Isnt that basically the Centaurus. I think if someone had managed in the mid 30s to persuade Bristol they didnt need to build 5 engines in the 600 to 1000hp range and get them to concentrate on just 2 engine types and a decent supercharger. A larger Perseus 30 litres or so should give about 1,200hp. The Hercules using 14 of the larger Perseus cylinders should get to 2,000hp and both engines without the choking 90 degree bends in the intake manifolds should be better at altitude.

Basically Bristol needed someone like Ernest Hives to rationalise things.
 

Anderman

Donor
The Hercules cylinders have the same displacement as the Perseus. Hercules is basically a 14 cylinder Perseus. For some reason Bristol simply didn´t just twinned the Perseus 2 cylinders were dropped per row. And Bristol were not the only company who did that Wright, Nakajima and Mitsubishi did the same iirc.
 
Hercules-engined Spitfire makes plenty of sense IMO. Sorta mid/late ww2 Japanese A/C, or as close the Fw-190As as possible. By late 1944, Hercules was making almost 2000 HP, also gaining, finally, a proper exhaust system; post war more than 2100 HP was available by versions that were in production and service. Talk Bearcat level of performance.

Re. the picture - I'd remove the under-wing radiators (that also removes a significant source of drag, to cancel-out increased 'nose drag') ;)

It would help to spread the landing gear apart. Might have to redesign the main wing spar.
 
People at Bristols and/or AM were probably of the opinion in early 1930s that 18 cyl engine, that will weight more than 2000 lbs dry even in the 1st iteration is a step too far? For me, with Perseus in production (= the tooling for sleeves and other tiny bits is already purchased), skip the Aquila and Taurus all together, go straight to the 14 cyl 'big' engine (pre-Hercules) by 1935, and 18 cyl derivative by 1938.
Thus there is an almost-Centaurus in low volume productionn by 1939-40, and in mass production in 1941. Graft the initial engines on the alt-Fulmar, and later versions on Typhoon, Tempest, Barracuda and Firefly. Make a twin multi-pupose A/C with 2 x 2000 HP radials, or/and 'Victory bomber' with 4. The 'pre-Hercules' can be used from day one on Halifax (seems it was a better bomber with Hercules aboard), Wellington and Whitley (no Tiger version), perhaps also on alt-Beaufort, since there is no Taurus around.
Earlier series/mass production of the 'Hercules' might also bring about a 2-stage supercharged version, Bristol snatched several altitude records with 2-stage supercharged Pegasus between the wars.
 
I believe the issue with early Centaurus (and the US equivalents) was overheating, in that they had an unfortunate tendency to melt.
Without computers, it takes a fair bit of trial and error to sort this out. So the Hercules was an interim solution that could be cooled properly.
 
I believe the issue with early Centaurus (and the US equivalents) was overheating, in that they had an unfortunate tendency to melt.
Without computers, it takes a fair bit of trial and error to sort this out. So the Hercules was an interim solution that could be cooled properly.
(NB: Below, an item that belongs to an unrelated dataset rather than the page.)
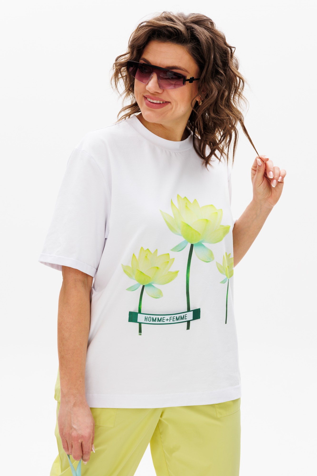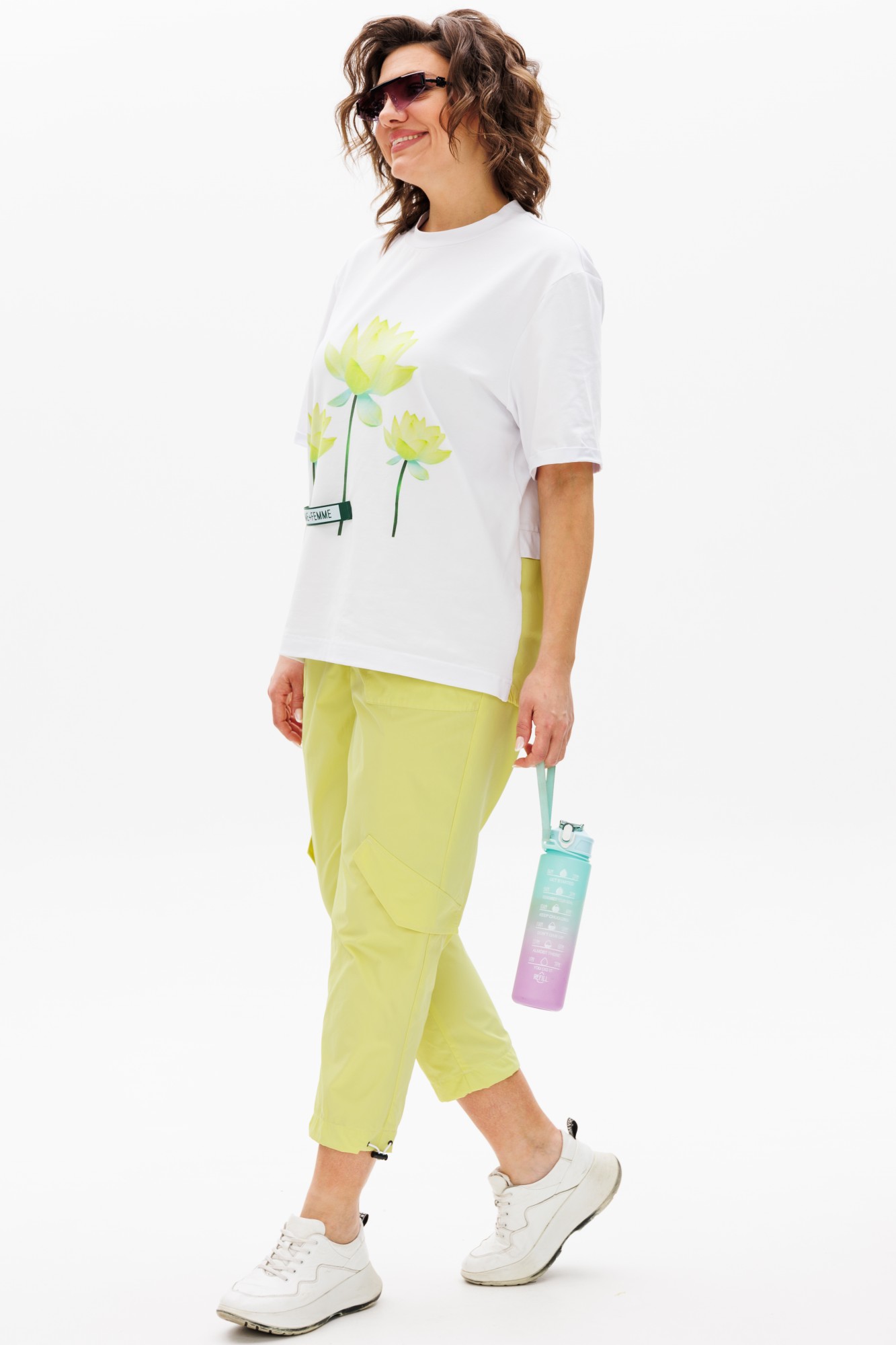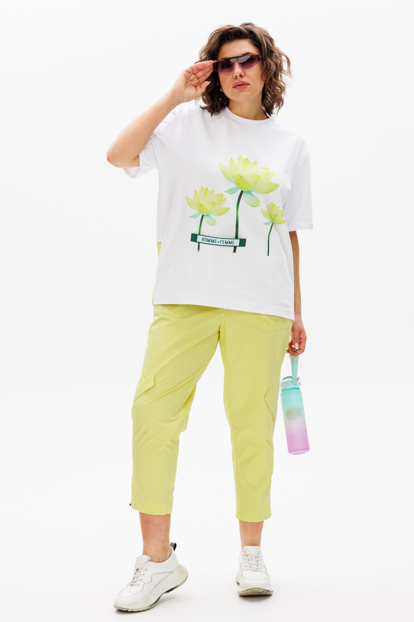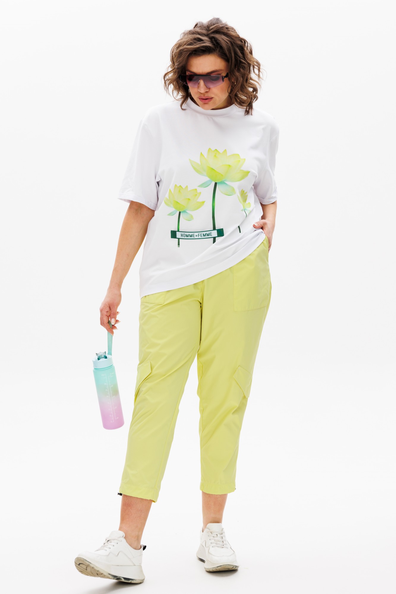 Комплект женский брючный, летний спортивного типа станет для вас незаменимым в весенне-летний период, благодаря своей универсальности и практичности. Футболка прямого, свободного кроя. Перед цельный с декоративной термоаппликацией, спинка с талиевым подрезом из брючного материала, выполняющего роль отделки, по низу подреза кулиса со стяжкой из тонкой резинки с фиксатором в разрезе, рукав втачной, одношовный , короткий с двойной узкой подгибкой — манжетой. Горловина-круглая с трикотажной планкой. Брюки-бананы 7/8 , на поясе с резинкой, по боковым с двумя накладными карманами и двумя клапанами чуть ниже колена. По низу брюки стянуты на тонкую резинку с фиксатором .

The Wright R-3350 was certainly a troublesome machine (a feat shared with early BMW 801Cs and Ds), while R-2800 went from decent to a very reliable engine.
IIRC the only problem with early Centaurus was that there was not enough of production capability, with Bristol producing Mercury, Pegasus, Perseus, Taurus and Hercules by late 1930s. Those smaller Bristol's engines were urgently needed (or perceived as such), Centaurus was not. The examples installed on Tornado were working with less troubles than the Sabre-engined Hawkers, however Napier's other engines were not that necessary for the needs of RAF/FAA. Hence Napier was left with a choice of perfecting the Sabre into a reliable engine, or bust. They managed both :)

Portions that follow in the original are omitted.